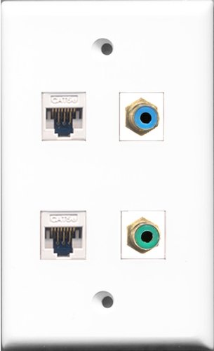 RiteAV 1 Port RCA Green and 1 Port RCA Blue 2 Port Cat5e Ethernet White Wall Plate
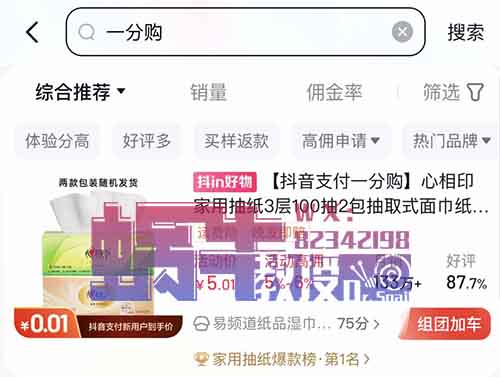 3、在主页进入抖音商城,搜索“一分购”,会显示出很多可以推广分佣的产品信息。
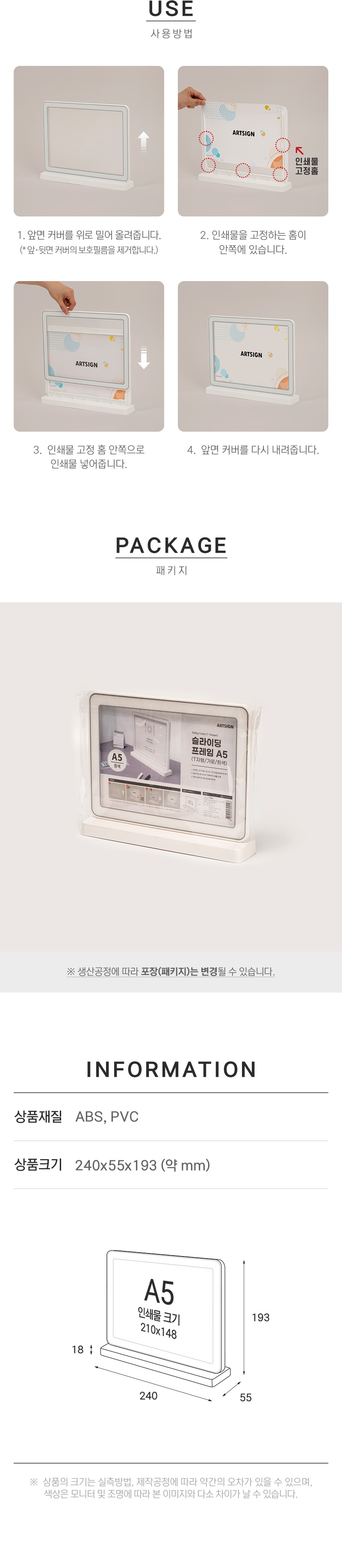 · 사용방법: 슬라이딩프레임에 인쇄물을 삽입하여 사용하세요.
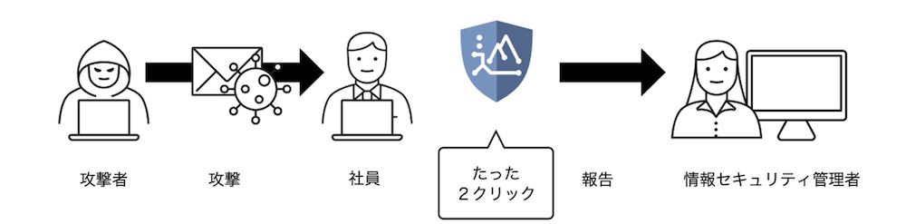 Gmail、Exchange Onlineでのアドオンを提供しているため、不審なメールを受信した際は、わずか2クリックで情報システム担当者に報告できます。
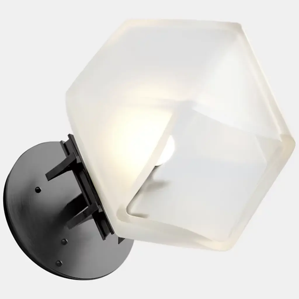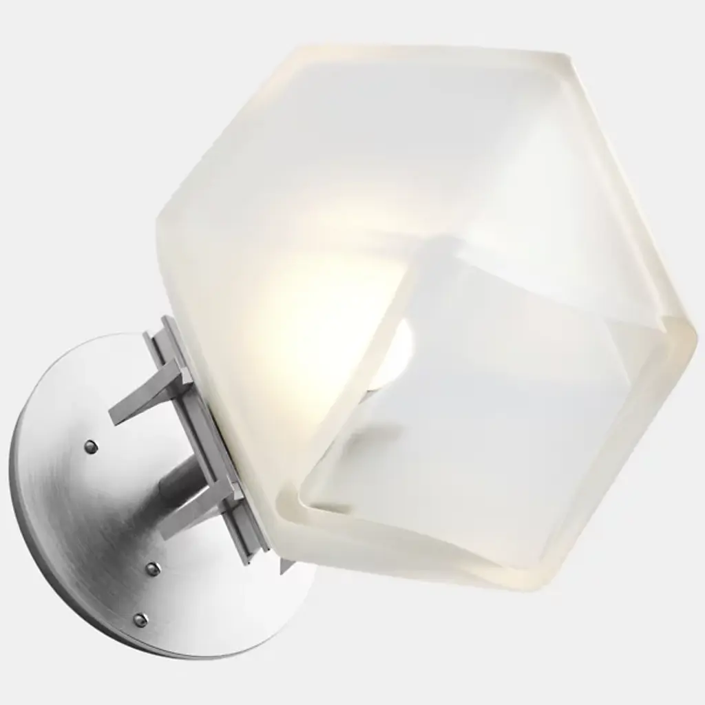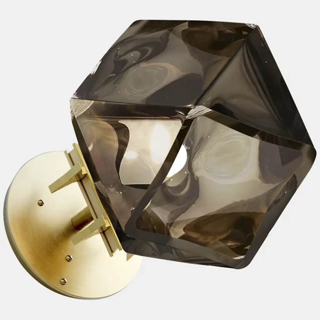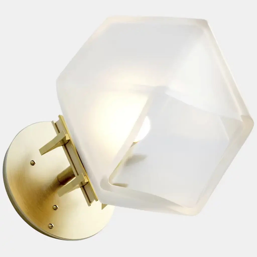 A true gem. Inspired by jewelry design, the WELLES Glass Single Wall Sconce from Gabriel Scott hangs gracefully from your wall like a precious earring. The sconce helps give key architectural features a strong yet sophisticated character. This duality is further explored by Gabriel Scott with an emphasis on masculine and feminine features. Handsome metal mounting hardware underlines the sconce's masculine side. The eyes instantly lock onto the chic, gem-like silhouette of the shade. Artisans craft the shade by blowing glass into a geometric mold. When turned on, every corner of the piece is touched by crisp highlights. The outpouring light creates a warm, inviting ambiance.

> **Instructions for the task**:
A verbatim rendering of the listing above is required, without any of its pictures.

> **Exercise result**:
 RiteAV 1 Port RCA Green and 1 Port RCA Blue 2 Port Cat5e Ethernet White Wall Plate
 3、在主页进入抖音商城,搜索“一分购”,会显示出很多可以推广分佣的产品信息。
 · 사용방법: 슬라이딩프레임에 인쇄물을 삽입하여 사용하세요.
 Gmail、Exchange Onlineでのアドオンを提供しているため、不審なメールを受信した際は、わずか2クリックで情報システム担当者に報告できます。
 A true gem. Inspired by jewelry design, the WELLES Glass Single Wall Sconce from Gabriel Scott hangs gracefully from your wall like a precious earring. The sconce helps give key architectural features a strong yet sophisticated character. This duality is further explored by Gabriel Scott with an emphasis on masculine and feminine features. Handsome metal mounting hardware underlines the sconce's masculine side. The eyes instantly lock onto the chic, gem-like silhouette of the shade. Artisans craft the shade by blowing glass into a geometric mold. When turned on, every corner of the piece is touched by crisp highlights. The outpouring light creates a warm, inviting ambiance.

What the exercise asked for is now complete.